27/Sep/2024 09:17:25 [startup.lua:127] Initializing device polices...
27/Sep/2024 09:17:25 [startup.lua:123] [lists_utils.lua:700] Loaded Category Lists (9475 hosts, 53453 IPs) loaded in 1 sec
27/Sep/2024 09:17:25 [startup.lua:123] [lists_utils.lua:594] Loaded dshield 7 days: 29 rules
27/Sep/2024 09:17:25 [startup.lua:123] [lists_utils.lua:594] Loaded ThreatFox: 8784 rules
27/Sep/2024 09:17:25 [LuaEngineNtop.cpp:947] Invalid line format or private IP 127.0.0.1 service-hh4fmtad-1321953982.sh.tencentapigw.com/ [/var/lib/ntopng/category_lists/ThreatFox.txt]
27/Sep/2024 09:17:25 [startup.lua:123] [lists_utils.lua:594] Loaded Stratosphere Lab: 11850 rules
27/Sep/2024 09:17:25 [startup.lua:123] [lists_utils.lua:598] List 'Snort IP Block List' has 0 rules. Please report this to https://github.com/ntop/ntopng
27/Sep/2024 09:17:25 [startup.lua:123] [lists_utils.lua:594] Loaded Snort IP Block List: 0 rules
MatteoBiscosi commented 1 month ago

Hi @mzac could you possibly try without the views and let me know if the issue persists from the logs everything seems fine

mzac commented 1 month ago

Do you mean just looking at the interfaces not part of the view or disable the view completely?

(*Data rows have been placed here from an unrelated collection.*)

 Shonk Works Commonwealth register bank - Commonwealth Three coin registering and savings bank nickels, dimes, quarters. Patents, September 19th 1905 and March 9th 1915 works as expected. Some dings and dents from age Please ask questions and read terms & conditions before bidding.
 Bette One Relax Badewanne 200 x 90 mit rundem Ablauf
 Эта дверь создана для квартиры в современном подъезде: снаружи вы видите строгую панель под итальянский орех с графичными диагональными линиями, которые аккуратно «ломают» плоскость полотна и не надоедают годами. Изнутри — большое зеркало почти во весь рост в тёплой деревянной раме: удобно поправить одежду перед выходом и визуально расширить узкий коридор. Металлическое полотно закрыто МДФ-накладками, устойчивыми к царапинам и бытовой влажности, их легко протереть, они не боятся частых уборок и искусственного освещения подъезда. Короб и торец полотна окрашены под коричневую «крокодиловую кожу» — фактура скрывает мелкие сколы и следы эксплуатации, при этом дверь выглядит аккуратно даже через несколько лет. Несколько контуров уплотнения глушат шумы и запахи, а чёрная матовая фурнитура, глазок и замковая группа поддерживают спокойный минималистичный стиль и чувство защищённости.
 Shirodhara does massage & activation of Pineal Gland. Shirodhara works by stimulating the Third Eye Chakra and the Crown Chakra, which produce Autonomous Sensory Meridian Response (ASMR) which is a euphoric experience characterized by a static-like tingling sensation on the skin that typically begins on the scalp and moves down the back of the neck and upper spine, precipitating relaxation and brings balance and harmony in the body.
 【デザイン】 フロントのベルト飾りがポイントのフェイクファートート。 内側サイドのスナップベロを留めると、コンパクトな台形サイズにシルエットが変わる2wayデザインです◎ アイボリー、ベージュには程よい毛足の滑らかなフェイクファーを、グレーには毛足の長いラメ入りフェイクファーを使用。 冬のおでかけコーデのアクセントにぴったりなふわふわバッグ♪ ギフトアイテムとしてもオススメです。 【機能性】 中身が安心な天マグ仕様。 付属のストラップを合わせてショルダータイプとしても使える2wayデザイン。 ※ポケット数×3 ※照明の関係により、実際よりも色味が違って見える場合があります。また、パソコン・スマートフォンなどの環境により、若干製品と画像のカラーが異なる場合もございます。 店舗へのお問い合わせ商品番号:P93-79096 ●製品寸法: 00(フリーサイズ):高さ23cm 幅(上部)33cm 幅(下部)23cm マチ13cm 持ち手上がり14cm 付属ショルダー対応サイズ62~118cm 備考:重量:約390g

When I look at one of the individual interfaces I still get the same issue.

image

MatteoBiscosi commented 1 month ago

Hi @mzac sorry but i wanted to understand if it was a view related problem but it seems not; Could you right click -> inspect -> console and send me the errors? image

mzac commented 1 month ago

image

MatteoBiscosi commented 2 weeks ago

Hi @mzac sorry but i didn't see the answer. Is it possible that you have some proxy/firewall blocking the request? because gateway timeout means that ntopng does not answer. You do not have issues in your journalctl even after the loading the page?